First, the differences of ground heat flux models are evaluated against 88 locations with in situ observations. I discuss the mechanisms which control ground heat flux and quantify how errors in this measurement have the potential to impact evapotranspiration. A new optimized model is presented to reduce this potential uncertainty.
Second, I apply integrated observations of soil moisture and evapotranspiration to improve a satellite-based evapotranspiration algorithm. I demonstrate how observations from soil moisture improve evapotranspiration estimates in water-limited regions and use this new model with soil moisture observations from the Soil Moisture Active Passive (SMAP) mission to compute evapotranspiration globally. I compare the new model with the original model and quantify how evapotranspiration is partitioned. This is the first global satellite-derived evapotranspiration dataset to incorporate water availability limitations from SMAP.
Finally, I link independent measurements of the carbon and water cycle from space. I use satellite derived transpiration and new observations of solar induced fluorescence from the Orbiting Carbon Observatory -2 (OCO-2) to characterize how vegetation responds to hotter and drier climate perturbations.

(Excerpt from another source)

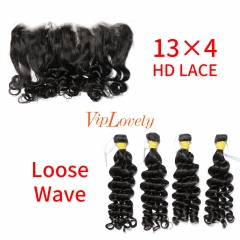 HD Lace Raw Human Hair Bundle with 13×4 Frontal Loose Wave

Overall, this dissertation advances remote sensing evapotranspiration algorithms through quantifying the uncertainty contribution from ground heat flux models and provides a new relationship to link soil moisture observations to evapotranspiration. Additionally, I present the first study to apply transpiration and solar induced fluorescence from OCO-2 to explore how vegetation responds to hotter and drier conditions by regulating the carbon and water cycles. This dissertation delivers new ideas of how to leverage earth observing satellites to advance ET science and address knowledge gaps in the earth system.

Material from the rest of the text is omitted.